Anti Money Laundering for Insurance

Insurance firms are facing money laundering at a growing rate, in fact 62% of insurance firms reported some sort of exposure to money laundering. However, it poses an even greater risk to life insurance firms. Large amounts of money are constantly being deposited and withdrawn by customers due to Life insurance firms’ relaxed policies and products that allow customers to do so without reducing almost any of the money’s value. 

There is a wide variety of anti-money laundering (AML) regulations and sanctions lists for insurance firms, implemented by government and international authorities, that must be implemented as a part of their AML. If they do not follow these obligations, life Insurance firms can face prison terms and fines as well as other compliance penalties. 
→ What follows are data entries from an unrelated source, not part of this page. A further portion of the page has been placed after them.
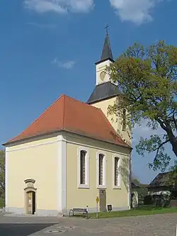 - Kirche Gruna von 1715 mit Epitaphien (seit 2010 Radfahrerkirche) und Kriegerdenkmal
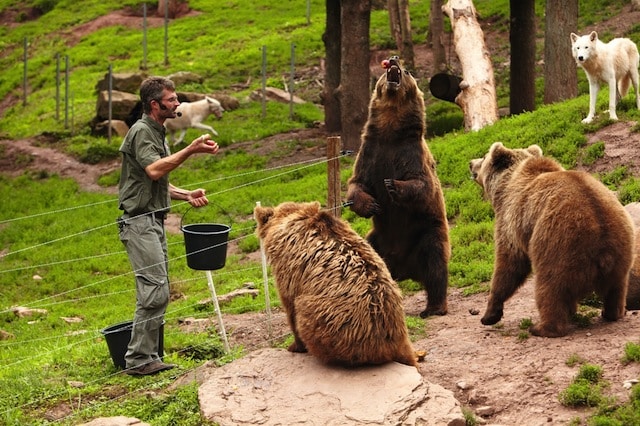 Spannung ist geboten bei den täglich – außer freitags – stattfindenden Zusatzprogrammen, die im Eintrittspreis bereits enthalten sind. Um 11.30 und 15.30 Uhr findet die Flugvorführung auf der Falknertribüne statt. Adler, Geier und Milan gleiten majestätisch über die Köpfe der Zuschauer hinweg, während man vom Falkner allerhand Wissenswertes über die Verhaltensweise der Greifvögel erfährt. Um 14.30 Uhr können die Besucher den Wildhüter bei seiner Fütterungsrunde begleiten. Kaum taucht er am Gehege von Bär, Luchs, Wolf & Co. auf, kommen die Beutegreifer angerannt, um sich die größten Beutestücke zu sichern.
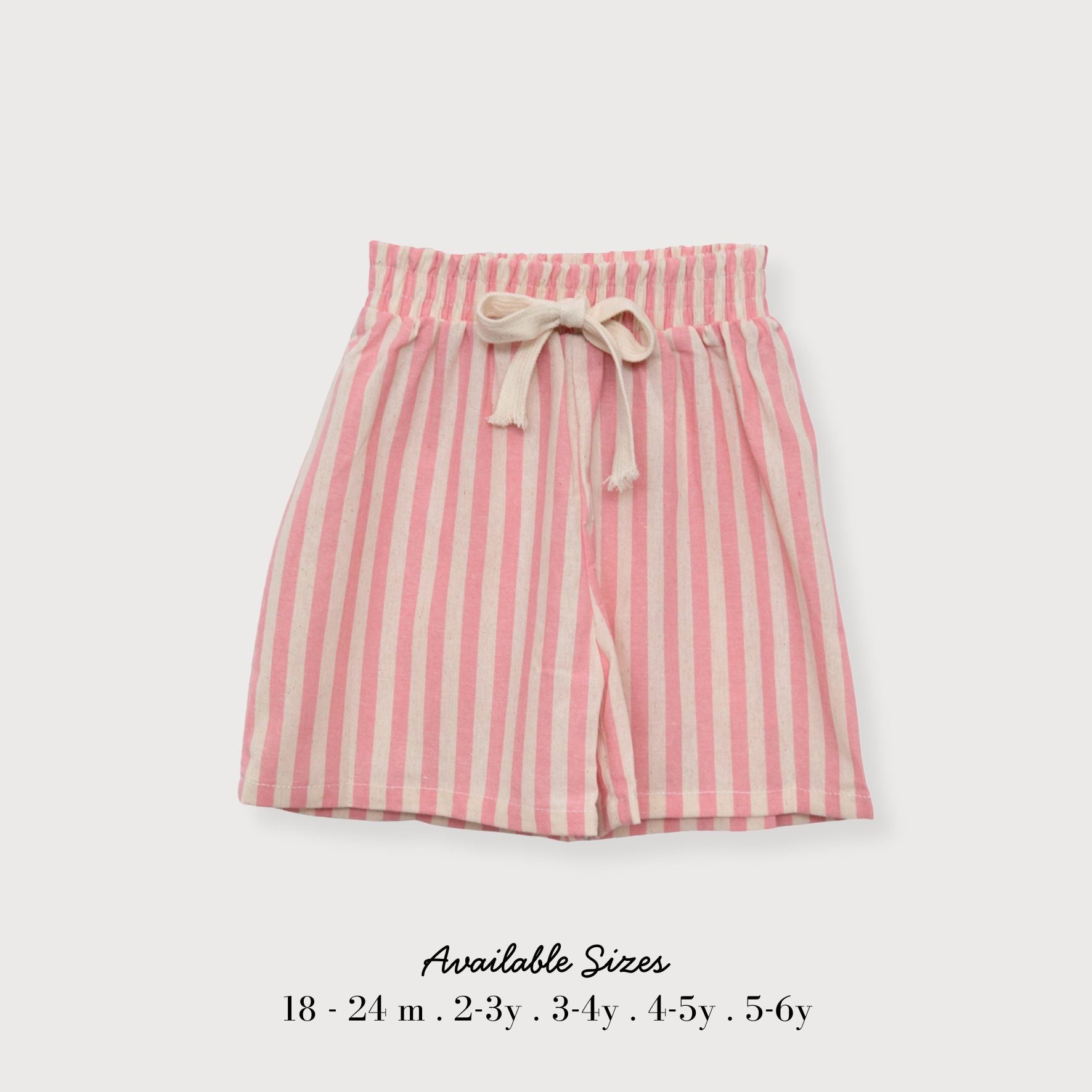 Bright, breezy and made for twirling through summer. These lightweight cotton shorts feature a playful pink and cream stripe with a comfy elasticated waist and functional drawstring — perfect for busy days on the move.

AML/CFT Risks with Life Insurance 

There are various life insurance products and mechanisms that are susceptible to money laundering including:

  • Policies allowing money launderers to withdraw a lot of money in one transaction, also known as Single Premium Policies. 
  • Annuity policies or high regular premium savings that allow money laundered to receive income after paying for insurance premiums with fraudulent, criminal funds
  • Cooling-off periods where Money Launderers can request a refund and get it paid with legitimate, clean money, or they can purposefully overpay for insurance premiums to get the money refunded.
  • Policy surrender, where Money Launderers are able to give up their policies at a loss in order to get the money they deposited back.
  • Top-ups, where money laundered can offload more criminal funds after paying a small starting premium.
  • Ownership transfers, where a customer can transfer the ownership of a life insurance policy to an outside criminal organization that can take out all of the money.
  • Policy loans where money launderers can get loaned money, as collateral, from the life insurance policy after having built up its value through premium payments. These loans don’t have to be repaid, because the value of the loan will just be deducted from the death benefit, and also don’t have sufficient AML checks. 
  • Premium policies that could be used as deposits for loans where money laundered could give up their policies to repay the loans. 
  • Secondary life market, where unhealthy customers can sell their policy to an outside criminal organization. 
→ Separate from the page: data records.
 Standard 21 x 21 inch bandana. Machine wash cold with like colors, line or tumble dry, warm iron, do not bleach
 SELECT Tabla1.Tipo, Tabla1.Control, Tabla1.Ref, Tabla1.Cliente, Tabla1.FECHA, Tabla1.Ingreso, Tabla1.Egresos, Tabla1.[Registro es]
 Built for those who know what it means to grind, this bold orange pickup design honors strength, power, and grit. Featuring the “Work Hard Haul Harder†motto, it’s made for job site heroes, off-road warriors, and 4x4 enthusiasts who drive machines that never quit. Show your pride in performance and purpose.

AML Life Insurance Regulations and How to Comply

As mentioned before, there are a variety of AML insurance regulations involving both sanctions and screening obligations as well as transaction monitoring.
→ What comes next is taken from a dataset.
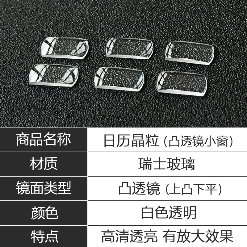 Двойной календарь зерна 10x5 мм Дата недели Выпуклая линза Маленькое окно Календарь Увеличение Швейцарские стеклянные часы Аксессуары для объектива
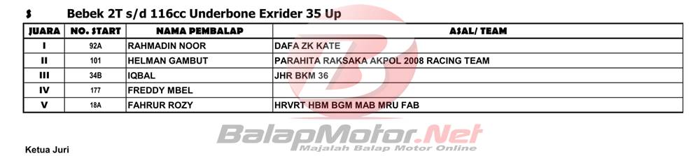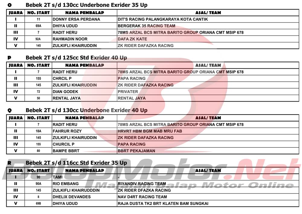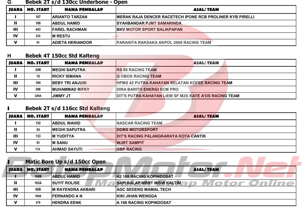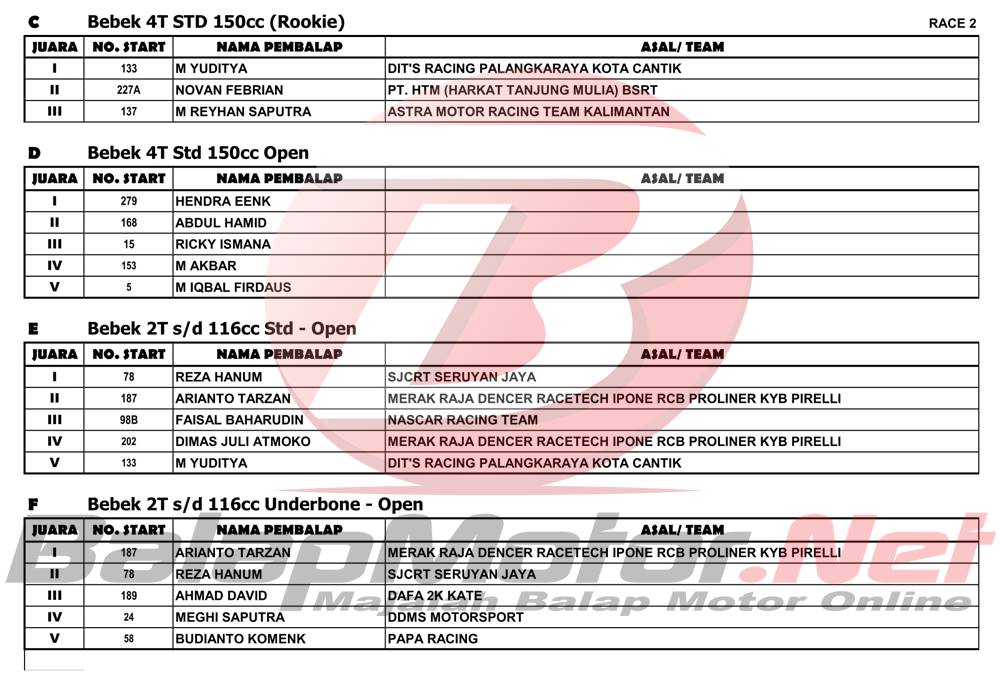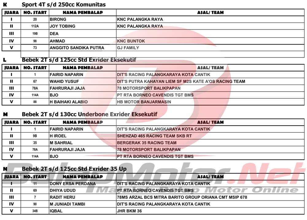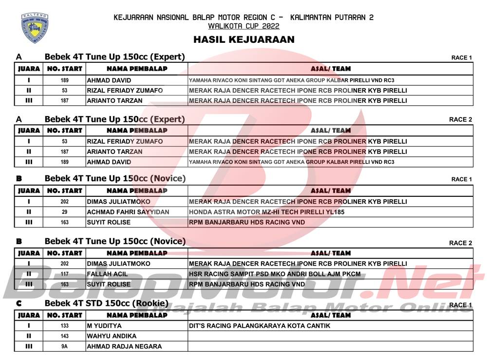 BalapMotor.Net – Berikut merupakan hasil juara dari gelaran Kejuaraan Nasional Balap Motor (Motoprix) Region C Kalimantan ronde kedua 2022 yang digelar di sirkuit permanen Sabaru, Kota Palangkaraya, Kalimantan Tengah pada 14-15 Mei 2022.

For transaction monitoring, locally and internationally enforced laws and acts such as the Bank Secrecy Act (BSA) in the United States, cover and require monitoring of: 

  • Permanent life insurance policies (excluding group life insurance policies)
  • Annuity contracts (excluding group annuity contracts)
  • Insurance products with investment features or monetary value

The BSA also requires suspicious activity reports (SARS) to be reported to the financial crimes enforcement network (FinCEN) when any suspicious transactions relating to the products above are detected.

Financial Action Task Force: The intergovernmental Financial Action Task Force (FATF) lays out anti-money laundering insurance guidelines that are required for states within the Task Force, for example, the US followed FATF requirements through the BSA. To ensure the relevance and effectiveness of its regulations, the FATF also partners with private sector insurance companies.

Insurance Sanctions

Insurance companies are required to comply with financial sanctions that are imposed by governmental and international authorities. If customers appear on official sanctions lists, insurance firms are restricted if not prohibited from selling life insurance products to them. 

It is necessary that insurance firms, as a part of their AML programs, apply sanction screening measures in order to identify customers that are on that list. Insurance firms must take steps to block transactions or freeze assets if a customer is on the list. They also must report the customer to the relevant authorities.

Complying with AML/CFT Insurance Regulations

Insurance firms should make sure that their Anti-Money Laundering programs have acceptable customer due diligence (CDD) measures to ensure their customers’ identities. 

Due to the large quantity of information involved in sanction screening and transaction monitoring, a lot of insurance firms chose to make their AML/CFT programs automated with smart technology. By automating AML/CFT programs, it increases the speed as well as the accuracy of the screening process as well as reducing errors due to humans, and helps the firms avoid expensive compliance penalties.